Jud y Norma habían salido, pero encontró un sobre con su nombre, prendido en la puerta del porche. Lo quitó y levantó la solapa con el pulgar.
Louis:
La santa esposa y yo nos hemos ido a Bucksport de compras y ver una cómoda que tienen en el Emporium Galorium a la que Norma le tiene echado el ojo desde hace cien años, o así parece. Seguramente, nos quedaremos a almorzar en McLeod’s y regresaremos a media tarde. Pasa esta noche a tomar un par de cervezas, si quieres.
Tu familia es tu familia. No quiero ser entrometido, pero si Ellie fuera hija mía yo aún no le diría que su gato había sido atropellado. ¿Para qué estropearle las vacaciones?
A propósito, Louis, yo tampoco mencionaría por estos contornos lo que hicimos anoche. Hay otras personas que conocen ese viejo cementerio micmac y algunos han enterrado allí a sus animales. Es como un arrabal de Pet Sematary. ¡Lo creas o no, allí arriba han enterrado hasta un toro! El viejo Zack McGovern, que vivía en Stackpole Road, enterró en el cementerio micmac a su toro «Hanratty», que fue premiado en un concurso de ganado. Debió de ser en 1967 o 68. ¡Ja, ja! Cuando me dijo que él y sus dos hijos habían llevado al toro hasta allí arriba, casi me hernio de tanto reír. Pero a la gente de por aquí no le gusta hablar de ello, ni es que estén enterados los que ellos consideran «forasteros», no porque sean supersticiones que datan de hace más de trescientos años, sino porque, en cierto modo, ellos las creen y les parece que un «forastero» tiene que reírse de esas cosas. ¿Consideras que esto tiene sentido? Yo creo que no, pero así están las cosas. Conque hazme el favor de no decir nada. ¿De acuerdo?
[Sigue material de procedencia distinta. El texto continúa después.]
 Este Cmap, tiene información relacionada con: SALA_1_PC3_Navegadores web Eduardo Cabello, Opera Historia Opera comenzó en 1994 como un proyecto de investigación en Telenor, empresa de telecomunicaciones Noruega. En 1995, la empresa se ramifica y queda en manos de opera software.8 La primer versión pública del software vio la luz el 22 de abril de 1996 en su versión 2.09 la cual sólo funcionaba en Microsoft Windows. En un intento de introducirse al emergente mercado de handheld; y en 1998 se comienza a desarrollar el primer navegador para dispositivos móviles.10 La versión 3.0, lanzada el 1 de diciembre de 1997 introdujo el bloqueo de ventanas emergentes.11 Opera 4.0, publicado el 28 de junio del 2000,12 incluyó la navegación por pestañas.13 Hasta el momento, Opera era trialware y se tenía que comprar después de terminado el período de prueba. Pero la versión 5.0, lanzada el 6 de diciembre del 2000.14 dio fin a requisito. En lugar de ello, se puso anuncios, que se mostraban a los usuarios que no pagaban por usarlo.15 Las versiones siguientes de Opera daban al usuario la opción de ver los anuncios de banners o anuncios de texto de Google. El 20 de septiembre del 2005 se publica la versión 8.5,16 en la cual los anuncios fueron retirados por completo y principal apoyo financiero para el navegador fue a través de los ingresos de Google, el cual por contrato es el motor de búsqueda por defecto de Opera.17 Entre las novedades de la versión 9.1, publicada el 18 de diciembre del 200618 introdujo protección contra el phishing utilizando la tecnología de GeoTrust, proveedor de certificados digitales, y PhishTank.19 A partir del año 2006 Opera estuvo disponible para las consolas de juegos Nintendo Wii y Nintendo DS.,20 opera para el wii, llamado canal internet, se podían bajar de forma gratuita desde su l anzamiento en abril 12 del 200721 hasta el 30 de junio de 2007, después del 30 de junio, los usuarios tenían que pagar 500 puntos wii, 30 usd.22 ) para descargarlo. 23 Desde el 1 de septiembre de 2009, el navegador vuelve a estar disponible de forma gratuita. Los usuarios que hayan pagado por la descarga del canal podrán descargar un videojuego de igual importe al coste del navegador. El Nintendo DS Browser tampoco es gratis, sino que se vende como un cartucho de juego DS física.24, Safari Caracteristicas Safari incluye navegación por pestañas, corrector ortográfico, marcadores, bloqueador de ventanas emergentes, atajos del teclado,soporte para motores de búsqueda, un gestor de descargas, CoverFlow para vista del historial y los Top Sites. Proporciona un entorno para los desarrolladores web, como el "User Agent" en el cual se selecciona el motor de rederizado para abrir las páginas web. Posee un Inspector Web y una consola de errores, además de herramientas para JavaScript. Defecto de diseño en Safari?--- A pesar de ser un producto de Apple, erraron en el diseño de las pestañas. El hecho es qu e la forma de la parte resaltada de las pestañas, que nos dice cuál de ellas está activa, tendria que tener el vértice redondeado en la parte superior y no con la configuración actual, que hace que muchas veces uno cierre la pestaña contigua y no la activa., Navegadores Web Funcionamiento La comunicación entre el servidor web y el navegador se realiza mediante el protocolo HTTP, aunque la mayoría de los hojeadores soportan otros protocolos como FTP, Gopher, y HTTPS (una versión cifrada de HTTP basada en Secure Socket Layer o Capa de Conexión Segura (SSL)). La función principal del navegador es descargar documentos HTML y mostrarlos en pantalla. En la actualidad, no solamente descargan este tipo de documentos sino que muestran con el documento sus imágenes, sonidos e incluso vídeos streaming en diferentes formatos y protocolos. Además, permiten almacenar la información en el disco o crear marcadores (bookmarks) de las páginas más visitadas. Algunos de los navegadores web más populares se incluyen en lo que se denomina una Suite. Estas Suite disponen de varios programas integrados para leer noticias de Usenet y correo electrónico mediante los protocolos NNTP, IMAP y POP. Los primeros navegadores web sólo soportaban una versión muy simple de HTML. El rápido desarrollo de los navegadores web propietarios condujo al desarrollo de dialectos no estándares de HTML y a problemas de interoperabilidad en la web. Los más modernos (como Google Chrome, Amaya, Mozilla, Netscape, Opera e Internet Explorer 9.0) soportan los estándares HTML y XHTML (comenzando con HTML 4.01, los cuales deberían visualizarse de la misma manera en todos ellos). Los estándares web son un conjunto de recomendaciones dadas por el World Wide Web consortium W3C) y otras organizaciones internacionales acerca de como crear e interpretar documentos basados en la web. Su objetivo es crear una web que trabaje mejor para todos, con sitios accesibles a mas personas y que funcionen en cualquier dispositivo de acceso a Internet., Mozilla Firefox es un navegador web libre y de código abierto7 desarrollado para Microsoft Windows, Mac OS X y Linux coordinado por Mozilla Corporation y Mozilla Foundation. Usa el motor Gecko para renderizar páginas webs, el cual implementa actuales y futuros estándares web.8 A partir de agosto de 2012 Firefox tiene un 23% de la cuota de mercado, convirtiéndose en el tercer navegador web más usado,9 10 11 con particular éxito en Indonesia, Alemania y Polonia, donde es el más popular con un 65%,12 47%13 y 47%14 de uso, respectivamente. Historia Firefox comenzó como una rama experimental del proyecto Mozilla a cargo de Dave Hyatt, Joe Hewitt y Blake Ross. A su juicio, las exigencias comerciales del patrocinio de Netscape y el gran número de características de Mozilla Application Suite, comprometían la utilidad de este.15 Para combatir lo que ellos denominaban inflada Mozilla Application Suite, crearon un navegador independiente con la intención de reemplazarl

Ya hablaremos de ello, probablemente, esta misma noche, y entonces lo comprenderás mejor; pero, entretanto, quiero decirte que te portaste muy bien. Estaba seguro.
JUD.
PS. — Norma no sabe lo que dice esta carta —le he contado otro cuento— y, si a ti no te importa, prefiero que no se entere. En los cincuenta y ocho años que llevamos casados le he dicho a Norma más de una mentira. Supongo que la mayoría de los hombres mienten a sus esposas, pero me parece que casi todos ellos podrían presentarse ante Dios y confesar sus mentiras sin tener que bajar la cabeza.
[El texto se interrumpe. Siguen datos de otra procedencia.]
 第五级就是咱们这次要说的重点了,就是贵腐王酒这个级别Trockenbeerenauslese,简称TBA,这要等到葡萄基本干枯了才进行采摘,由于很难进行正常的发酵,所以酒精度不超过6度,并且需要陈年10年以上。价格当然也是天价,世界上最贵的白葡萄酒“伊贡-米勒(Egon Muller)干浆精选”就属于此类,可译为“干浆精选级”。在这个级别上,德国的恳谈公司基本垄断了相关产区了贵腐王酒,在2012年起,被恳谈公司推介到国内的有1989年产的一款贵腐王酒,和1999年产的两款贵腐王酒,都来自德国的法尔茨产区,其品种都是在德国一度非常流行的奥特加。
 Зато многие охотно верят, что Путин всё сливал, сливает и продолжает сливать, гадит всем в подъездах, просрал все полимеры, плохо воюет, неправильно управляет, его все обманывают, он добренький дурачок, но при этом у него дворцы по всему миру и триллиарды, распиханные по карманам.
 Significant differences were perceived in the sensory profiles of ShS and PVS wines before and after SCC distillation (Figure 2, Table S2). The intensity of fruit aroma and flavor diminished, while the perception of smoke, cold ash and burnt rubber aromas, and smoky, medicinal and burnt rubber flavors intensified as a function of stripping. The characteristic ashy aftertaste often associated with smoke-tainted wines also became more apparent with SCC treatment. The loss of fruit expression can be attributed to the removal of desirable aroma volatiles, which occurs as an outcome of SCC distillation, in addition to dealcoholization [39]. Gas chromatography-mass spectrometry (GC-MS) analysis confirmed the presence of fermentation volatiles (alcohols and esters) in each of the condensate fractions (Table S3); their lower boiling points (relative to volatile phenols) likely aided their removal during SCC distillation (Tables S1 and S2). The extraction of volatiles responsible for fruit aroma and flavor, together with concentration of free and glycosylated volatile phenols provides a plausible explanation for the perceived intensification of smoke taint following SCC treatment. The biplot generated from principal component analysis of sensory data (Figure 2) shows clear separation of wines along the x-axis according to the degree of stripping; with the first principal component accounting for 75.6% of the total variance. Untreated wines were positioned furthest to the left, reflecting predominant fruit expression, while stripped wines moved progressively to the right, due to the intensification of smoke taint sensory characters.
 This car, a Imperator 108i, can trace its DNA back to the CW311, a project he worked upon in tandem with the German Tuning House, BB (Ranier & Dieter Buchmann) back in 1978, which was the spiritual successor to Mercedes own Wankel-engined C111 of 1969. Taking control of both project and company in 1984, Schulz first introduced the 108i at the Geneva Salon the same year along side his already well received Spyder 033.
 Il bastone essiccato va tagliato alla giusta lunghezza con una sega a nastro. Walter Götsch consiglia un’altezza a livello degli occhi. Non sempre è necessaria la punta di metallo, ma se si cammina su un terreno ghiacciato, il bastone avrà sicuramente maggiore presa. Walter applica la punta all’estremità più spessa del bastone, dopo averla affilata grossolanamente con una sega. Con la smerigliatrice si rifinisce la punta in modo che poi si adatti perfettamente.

Bueno, ven esta noche y pimplaremos un poco.
J.
Louis se quedó en lo alto de la escalera que conducía al porche —ahora vacío, pues los confortables sillones de mimbre estaban guardados hasta otra primavera— mirando la carta con el entrecejo fruncido. ¿No decir a Ellie que el gato había muerto? No se lo había dicho. ¿Otros animales enterrados allí? ¿Supersticiones que databan de hacía más de trescientos años?
«… y entonces lo comprenderás mejor».
Resiguió aquella línea con el dedo y, por primera vez, se puso a pensar deliberadamente en lo que habían hecho la noche anterior. Los recuerdos estaban borrosos, difuminados, como las imágenes de los sueños o de los actos que se realizan bajo los efectos de un estupefaciente. Se acordaba de haber subido al montón de troncos, y de aquel leve resplandor que había en el pantano, y de que allí había por lo menos de cinco a diez grados más de temperatura, pero todo ello era como esa conversación que mantienes con el anestesista antes de que te haga dormir.
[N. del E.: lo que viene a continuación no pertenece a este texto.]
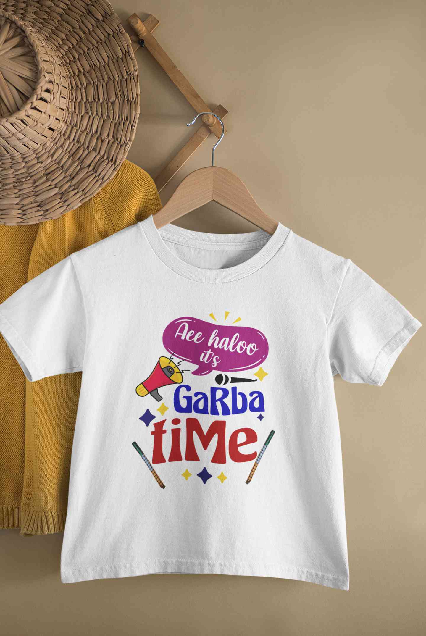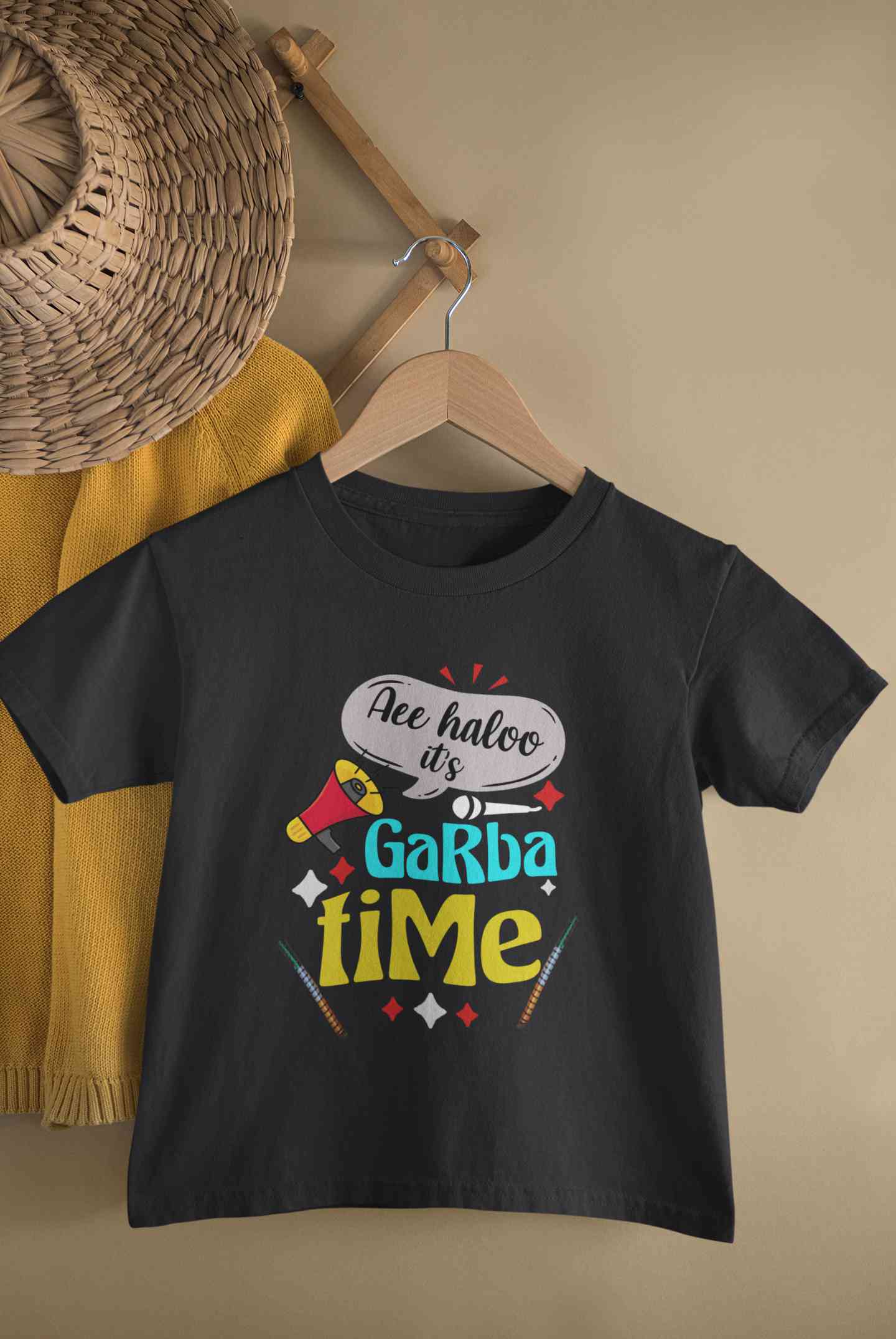 Ae Haloo Its Garba Time Navratri Half Sleeves T-Shirt For Girls -FashionRazor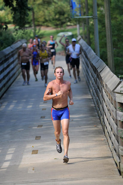 Matthew Maley, 23, of Lantana Florida (number 623) runs away from a pack of competitors over a wooden bridge.

«… y supongo que la mayoría de los hombres mienten a su mujer…».
«A su mujer y a su hija», pensó Louis, pero parecía cosa de magia la forma en que Jud había adivinado lo ocurrido aquella mañana, tanto en el teléfono como dentro de su cabeza.
Louis dobló la carta lentamente, que estaba escrita en papel rayado como de una libreta de colegial, y volvió a meterla en el sobre. Luego, guardó el sobre en el bolsillo de atrás del pantalón y cruzó la carretera para volver a su casa.